Não por acaso, o fórum da China e seus muitos palcos espalhados em Lisboa tiveram casa cheia e filas no pavilhão dedicado ao país asiático.
O palco, aliás, foi aberto pelo próprio Cosgrave e reuniu autoridades chinesas como Jianchao Wang, da Administração do Ciberespaço, e Guangyao Zhu, do Ministério do Comércio.
Wang definiu a participação como um “evento pioneiro” e “uma ponte entre a China e o mundo”. Para Zhu, o Web Summit não é apenas uma vitrine de tecnologia. “É um novo motor para cooperação e inovação globais.”
A presença chinesa em Lisboa foi muito mais que institucional. De startups emergentes a gigantes como Huawei, Tencent e Alibaba, o país mostra que já não busca validação. Busca liderança.

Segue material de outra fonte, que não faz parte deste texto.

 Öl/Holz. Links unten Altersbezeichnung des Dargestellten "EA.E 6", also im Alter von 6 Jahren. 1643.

Os temas que dominaram a agenda foram IA generativa, robótica industrial, energias limpas e o papel da educação como base do salto tecnológico. “O segredo está na educação”, resumiu Joleen Ling, fundadora de uma empresa de IA baseada em Xangai.
A programação “China Summit” atraiu centenas de pessoas, com público em pé por quase toda a manhã.

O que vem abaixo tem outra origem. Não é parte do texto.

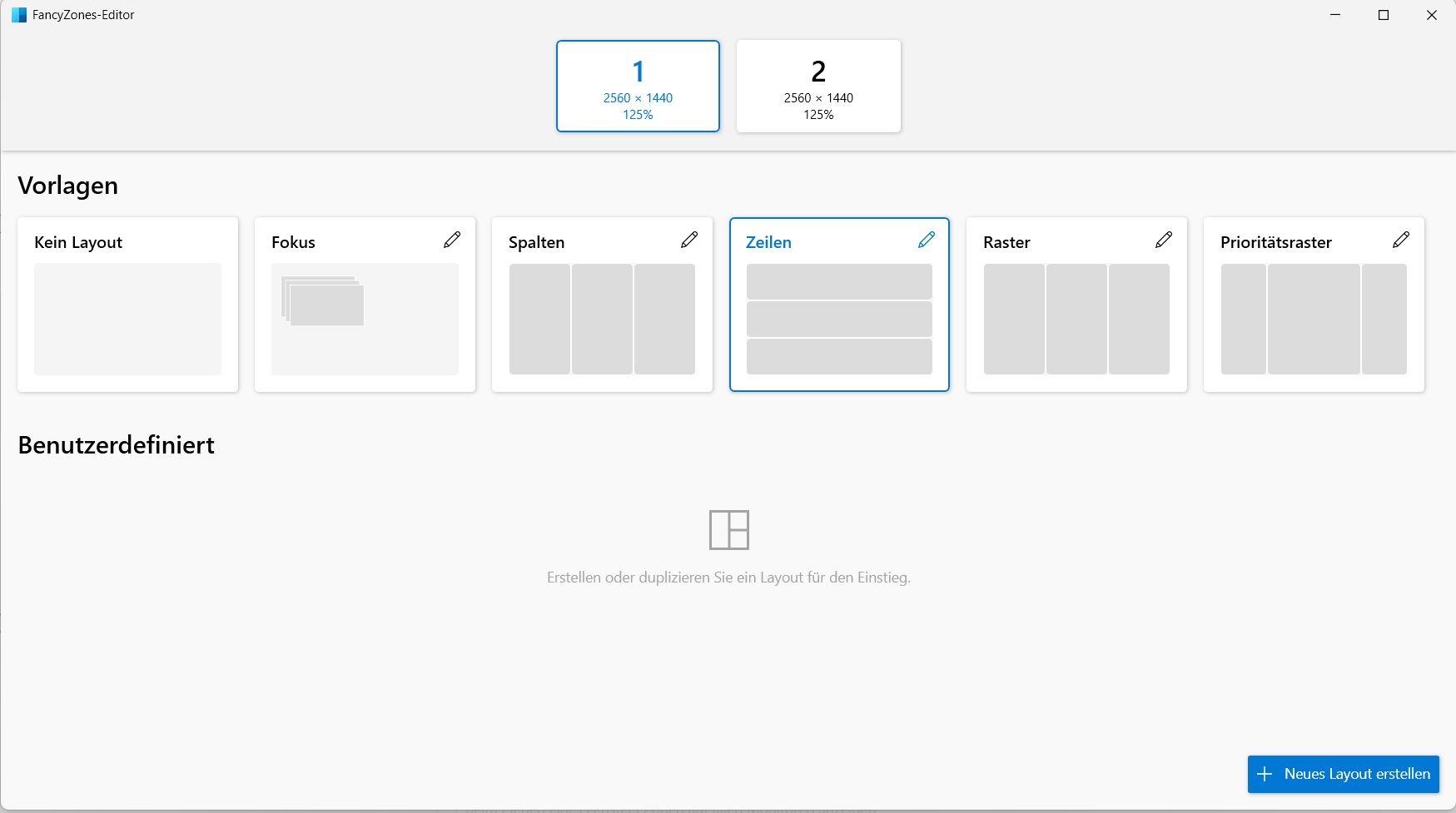 Mit der Tastenkombination WIN+UMSCHALT+Ö können Sie den Layout-Editor starten, welcher eine Auswahl bereits vorgefertigter Layouts anzeigt und darüber hinaus auch die Erstellung eigener Layouts erlaubt. Wählen Sie für jeden Bildschirm ein gewünschtes Layout aus.

Enquanto robôs humanoides da startup Unitree dançavam para o público, economistas como Philip Pilkington e Einar Tangen discutiam o futuro da economia global.
Pilkington aproveitou para alfinetar Donald Trump: “As tarifas não criam indústria. Só protegem”. Tangen completou: “A China tem um plano. Os Estados Unidos, não”.
O contraste entre o otimismo chinês e a cautela ocidental dominou os debates.
Para o público, ficou evidente que a China não quer apenas ser um ator relevante, mas um modelo alternativo de globalização tecnológica, baseado em escala, disciplina e Estado empreendedor. Enquanto o Ocidente fala em regulação, a China fala em execução.
O Web Summit, hoje com versões em Lisboa, Rio de Janeiro, Doha e Vancouver, vê na China o passo natural de sua expansão.
O tigre asiático é o maior mercado digital do mundo, com mais de 1 bilhão de usuários conectados e liderança em IA, 5G, e-commerce e pagamentos móveis.
Cosgrave, que nos últimos anos foi crítico da dependência ocidental dos Estados Unidos, agora faz um movimento geopolítico claro ao aproximar a conferência da região que mais investe em infraestrutura tecnológica e educação científica. “A globalização não acabou. Ela só mudou de endereço”, provoca.
Com a edição chinesa, o Web Summit deseja criar uma ponte entre o Vale do Silício, a Europa e o que Cosgrave chama de “o novo eixo da inovação”.
A escolha de 2027 também coincide com a meta do governo chinês de consolidar a liderança global em IA e computação quântica até o final da década.
Segundo o fundador, o evento deve reunir 70 mil participantes, nos moldes de Lisboa, mas com foco em deep tech, hardware, robótica e energia.
A China não quer mais seguir o roteiro da globalização. Quer escrever o próximo capítulo ou, como resumiu Cosgrave: “A China não copia mais o futuro. Ela o fabrica”.